Museveni, in a letter to his Parliament last year, allegedly wrote: “You cannot call an abnormality an alternative orientation. It could be that the Western societies, on account of random breeding, have generated many abnormal people … The question at the core of the debate on homosexuality is what do we do with an abnormal person? Do we kill him/her? Do we imprison him/her? Or we do contain him/her?”
But the report “finds no reason to believe that prevalence of sexualities outside of the heterosexual is any different in Africa to anywhere else”, says Dr Jason van Niekerk, a postdoctoral fellow in the department of jurisprudence at the University of Pretoria and a member of the panel.
“There’s harm done by the idea that Africa is exempt from [this] prevalence.
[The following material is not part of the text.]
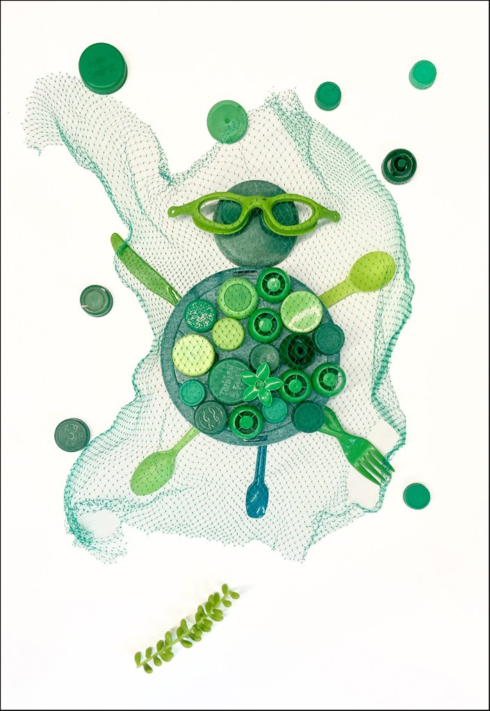 The turtle is stuck, not only in a green net thrown out by someone, but in a sea full of trash. Goggles, spoons, forks, knives, and more bottle caps than you could ever imagine fill the water….We need to make sure that turtles in the ocean don’t end up like this one—scared and stuck in a sea full of trash.

It allows law makers to treat the problems of people [who are not heterosexual] who are in fact their citizens, constituents and members of their communities as though they are an external threat.”
‘No evidence’
In the report, the authors liken the problematic reasoning behind the prohibition of same-sex orientations and same-sex sexual behaviour to laws against miscegenation (sexual relations between races). “They justified those laws with arguments such that ‘cross-colour’ sex was ‘unnatural’ and a hazard to public health,” the authors write. “Yet there is no evidence that couples of different races produce family outcomes any different to those outcomes where both parents are from the same ethnic or racial group … science has long shown that there is no reliable evidence that homosexuality causes harm, either to the participating individuals or to society.”
In fact, the report finds that recent science, including a number of large-scale studies, finds that “all harms associated with same-sex orientation derive from hostile social climates that discriminate and persecute any sexuality that does not adhere to the heteronormative standards of a particular society”.
Asked what could be done to improve the lives of LGBTI people in African countries – where stigma and violence against them is widespread – Tamale says there needs to be more evidence-based research and dissemination “that homosexuality is not unAfrican, the actual effects of discriminating against LGBTI persons, [and] what the different permutations of sexual orientation and gender identity are, and not to confuse the two, and especially more data about transgenderism and intersexuality”.
Despite the likelihood that this report will be rejected by Ugandan policymakers, Tamale says that although government media houses have a “standing blackout policy of not covering news on homosexuality”, she expects other media houses in the country will pick up on the report.
Also, she believes that an important way to improve these marginalised people’s livelihoods is “using judicial means through the filing of public interest litigation cases addressing discrimination, inequality and criminalisation.”